> _WHAT THE TASK ASKS_
Omit every picture, then return the listing verbatim.

> _EXERCISE DATA_
* * * * * * * * *
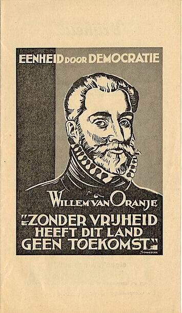 Twee folders van de Nederlandsche Beweging voor Eenheid door Democratie met aan de voorzijde een afbeelding van Willem van Oranje.
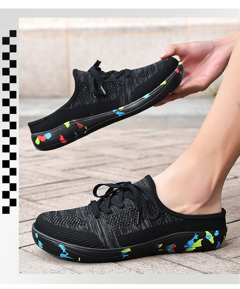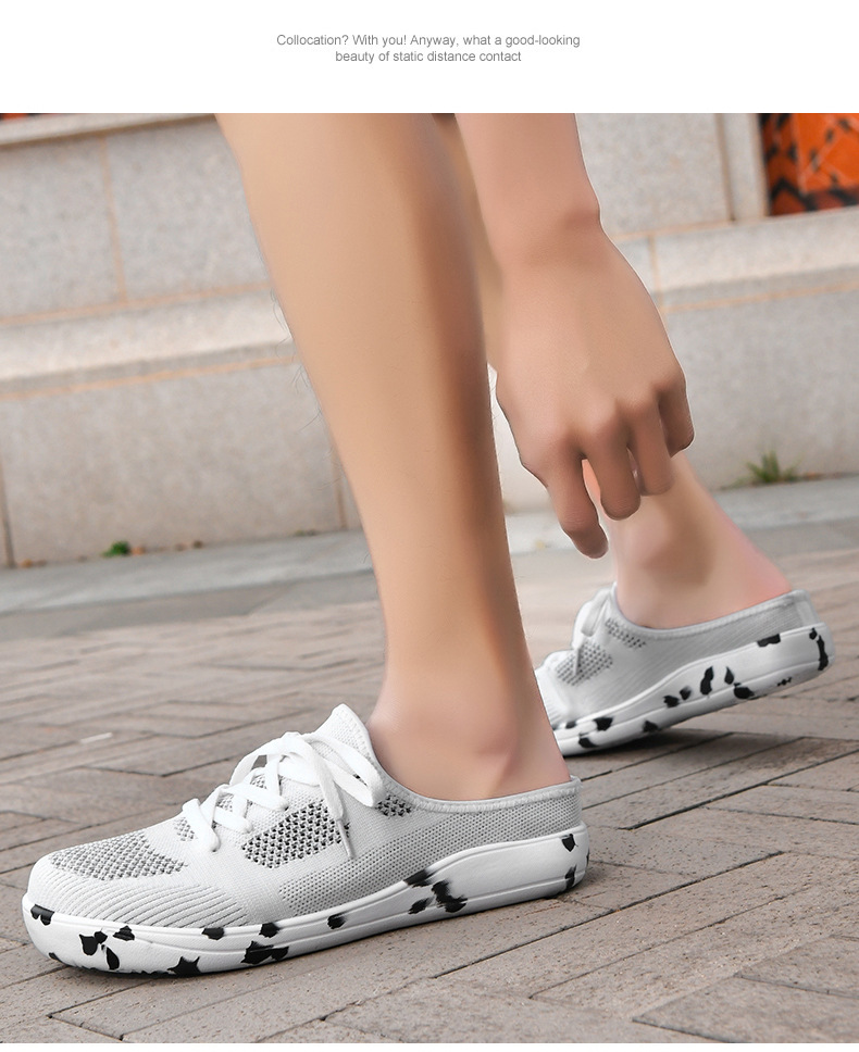국경 간 뉴 플러스 사이즈 캐주얼 남성 신발 경량 슬립 온 플라잉 짠 넓은 양말 신발 여성용 플립 온 트렌디 한 하프 토우스토어 가기
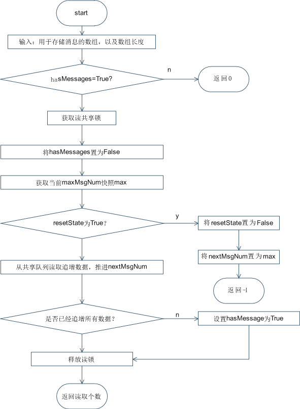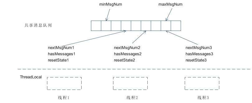 NOTE:在读取共享消息队列过程中,每个线程推进自己的nextMsgNum位置,以方便记录数据追增情况。
* * * * * * * * *
> _TASK RESPONSE_
 Twee folders van de Nederlandsche Beweging voor Eenheid door Democratie met aan de voorzijde een afbeelding van Willem van Oranje.
국경 간 뉴 플러스 사이즈 캐주얼 남성 신발 경량 슬립 온 플라잉 짠 넓은 양말 신발 여성용 플립 온 트렌디 한 하프 토우스토어 가기
 NOTE:在读取共享消息队列过程中,每个线程推进自己的nextMsgNum位置,以方便记录数据追增情况。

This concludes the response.